# My room, it's shape and the way forward



## John_Magnus (Nov 4, 2013)

Hi everyone,

I am in the process of building a listening environment in my basement, which in time (I hope) will evolve into being both a place where I can mix/master tracks, and perhaps also record with a decent quality.

I will probably need to do this in a two-step process though, as recording with reasonable quality would require me to build a "room-in-room" to do this in a professional manner.

So far I have completed the roof, with double "hanging plaster" soundproofing and also double plaster walls. (Not sure about the translations here, help me out if it's called something else in English.)  The walls are concrete behind the plaster, but with insulation layers inside the concrete. So far so good.

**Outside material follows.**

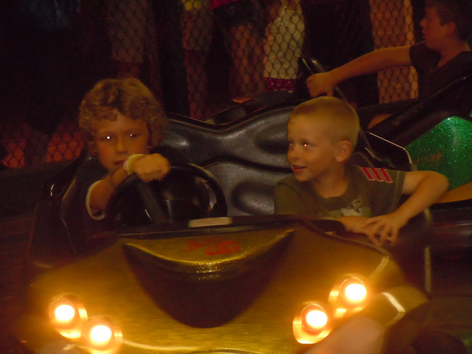 What big boys. Hazen was big enough to drive and Brant was big enough to be a passenger on the bumper cars. Pure fun and Brant just grinned and laughed the entire time. |

Now for the real challenge. The room is "L" shaped. Not much I can do about this, I am afraid. The plan in the long run is to build the "room-in-room" in the short end of the "L", making a square recording booth in the end, and a mastering/listening space in the long shape. But for now, I am looking for advice in avoiding the effects of the unsymmetrical shape of the room for listening, as well as a good place for purchasing materials to put on the ceiling to "crush" the echoes/reflections.

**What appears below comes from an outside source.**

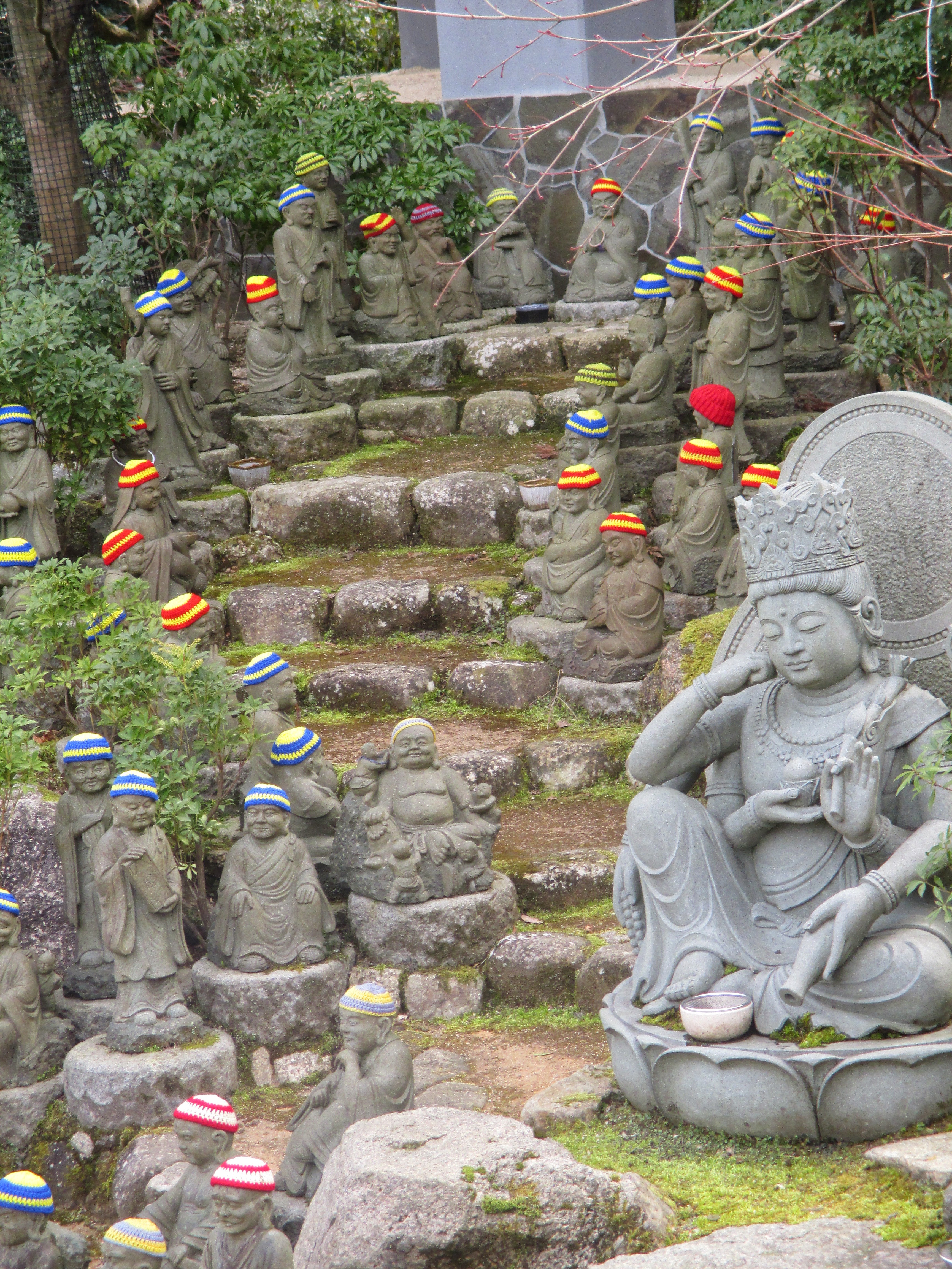 IMG_0393Daisho-in is different from any other temple I have visited (and I have been to a few temples in the past six months!).  It is, like the rest of Miyajima, both spiritual and playful.  As its stairways meander up the hillside, every corner of the site is full of surprises.  I kept thinking I was ready to head back down the path when another attraction would catch my eye or make me laugh, and I would keep going.  I think the monks at Daisho-in know a lot about human nature.

I have been surfing for a couple of days, but it seems to me a lot of the foam types I could put on the roof are very expensive, I am not sure I need the sound dampening many materials offer, given I have the type of ceiling I have. I think the main thing is having a shape on the material that will "crush" the sound waves and minimize reflections. Any tips on where to buy materials like this, and what to choose from?

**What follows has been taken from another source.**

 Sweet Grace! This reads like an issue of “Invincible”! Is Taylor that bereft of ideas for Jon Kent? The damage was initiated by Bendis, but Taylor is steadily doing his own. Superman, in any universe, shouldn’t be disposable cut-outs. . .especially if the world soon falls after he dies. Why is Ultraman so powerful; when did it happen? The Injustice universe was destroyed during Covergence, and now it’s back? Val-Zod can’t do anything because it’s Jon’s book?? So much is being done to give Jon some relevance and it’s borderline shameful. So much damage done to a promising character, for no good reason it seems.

I have narrowed it down to two types of approaches (or both). 1. Pyramid shaped foam to make the ceiling reflect less. 2. Make sound absorbers from wood frames and Rockwool to try to stop the reflections from going into the "long end" and creating unwanted echoes.

I realize of course that the reflections will change a lot when I get the control desk and instruments/equipment into the room, but right now I have the possibility to do things before the construction of the room is finished, and since I am doing the painting/extra insulation right now, it seems as the right time in the process to start gathering advice. I can post drawings also if this is needed/wanted.

I have seen a lot of sellers on eBay which offer different foam types, but some are surprisingly cheap, which always makes me weary even if it's tempting.

Any takers? 

My first post, BTW, hi all!

Best regards,
John Magnus.


----------



## mrterry (Jun 14, 2013)

Hello John, I don't know how recent your post is but here goes...

Regarding the 'room-in-a-room' step - do you really need this? Is isolation from the outside world a problem or do you have sound leakage from your basement? I agree that this is the ideal for recording studios but it is expensive and takes up space. What are the actual dimensions of your room?

As far as acoustic treatment is concerned, we strongly recommend Jocavi/ATp (www.jocavi.net) and Scenic Textiles (www.scenic.cat) if you want ready-made materials - otherwise, you can go homegrown.

Best regards, Terry Nelson


----------



## bpape (Sep 14, 2006)

In my opinion, foam is a waste of time and money. Better performance can be had for the same or less money using a product with a fiberglass or mineral wool core of sufficient thickness. 

The products referenced from what I can see basically ignore the mid and lower frequencies. Reference the graph on this page to see what I mean.

http://www.scenic.cat/panels_eng.html


----------



## mrterry (Jun 14, 2013)

These are two manufacturers that make excellent products that we have used for screening rooms, Home Cinemas and recording studios - plus theatres. The Scenic panels are mainly for upper mids and highs - apart from the "Silent Panels" that have good midrange response.

It is obvious that any acoustical treatment has to address the full range situation - particularly for a professional environment - but economics and aesthetics also play an important role. 

TN


----------



## bpape (Sep 14, 2006)

I don't doubt that they make excellent products for what they are. I just see no use in any sort of studio room for anything that rolls off completely by 800Hz.


----------



## mrterry (Jun 14, 2013)

You mean you don't combine materials for a studio project? Well, each to his own. Swiss Television were very happy with their screening room that we did...also using other products for diffusion/absorption, etc. etc.


----------



## bpape (Sep 14, 2006)

Absolutely we do mix different absorbers, some partial absorber/scattering, and diffusion pending what the room needs. I just don't tend to use anything in terms of absorption that doesn't at least cover male voice on the bottom end.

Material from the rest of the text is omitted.